Whatever you do be sure to get good underlay for your laminate wood floor. I bought a Lennar house that was only 4 years old and had laminated wood floor in all bedrooms, dining room and office. All of them sound terrible, the cracking sound on every single step is very very annoying. I can't believe a good home builder like Lennar (Village Builders) would make this kind of mistake, but maybe the previous owner added it later, I don't know. But if the house was built like that I would call Lennar to complain & discuss about warranty issue. Looks like I would have to save some money for a redo of all of my floors

So do a search about noises first before you commit to laminate wood floor, here are some discussion & related websites. Hope it helps.
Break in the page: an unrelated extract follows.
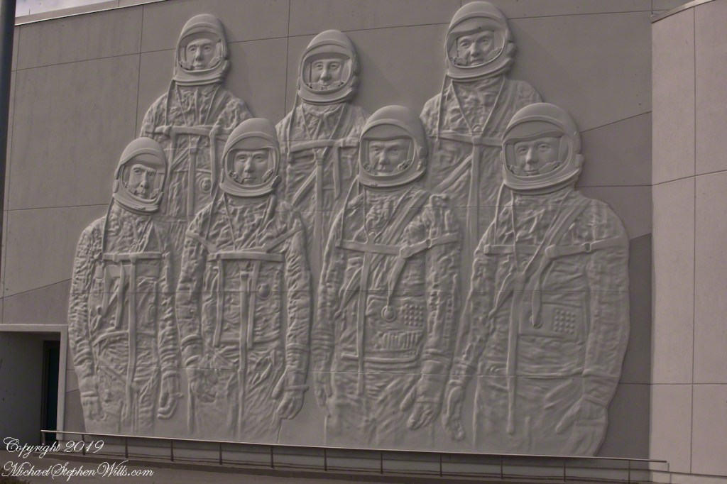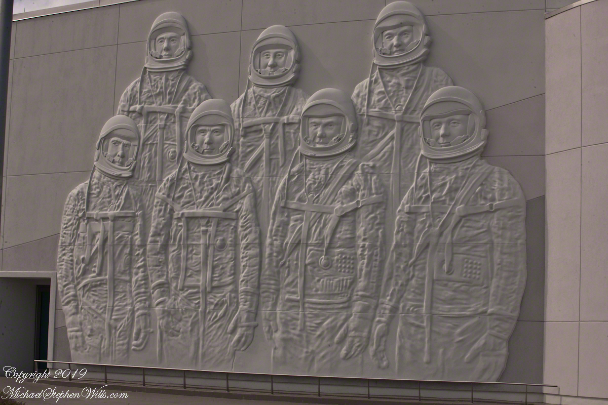 A monumental relief on the facade of Kennedy Space Center “Heroes and Legends” is from an iconic Project Mercury 7 photograph. Glenn is third from left, front row.

http://2coolfishing.com/ttmbforum/showthread.php?t=113351&highlight=laminate+noise

http://www.woodsthebest.com/Flooring/underlay/bestUnderlayForLaminate.htm

http://www.basingstoke.gov.uk/environment/nuisance/noise/Noise+and+Laminate+Flooring.htm


----------



## edavis (Jun 24, 2009)

check out lumber liquidators online. there are three locations in houston area that have ALOT to choose from for up to $2 less than home depot. also rent a power jamb saw from home depot. its well worth the $25 or so for 4 hours and trust me thats all the time you need. if you have a lot of doorways it is well worth it. once you get the height set you can knock each jamb out in about 30 seconds.


----------



## MustangOrange (Jul 26, 2005)

Laminate flooring is great; just finished laying about 1200 SF in my house (with the help of family). I used a Fein Saw to cut the door jams in order to get the boards flush underneath the doors. Also used the top of the line padding underneath that acts as a high decibel/moisture barrier. It's not too complicated to lay the flooring - just takes time. One of the main issues is getting the first few rows in a room done right (especially if the room is not square).


----------



## shorty70 (Jun 29, 2008)

Few things I remember from installing mine:

Make sure to shim at the walls, both long and width ways to keep it tight, and

Bring it inside your house and acclimate to the A/C before installing, for a few days.


----------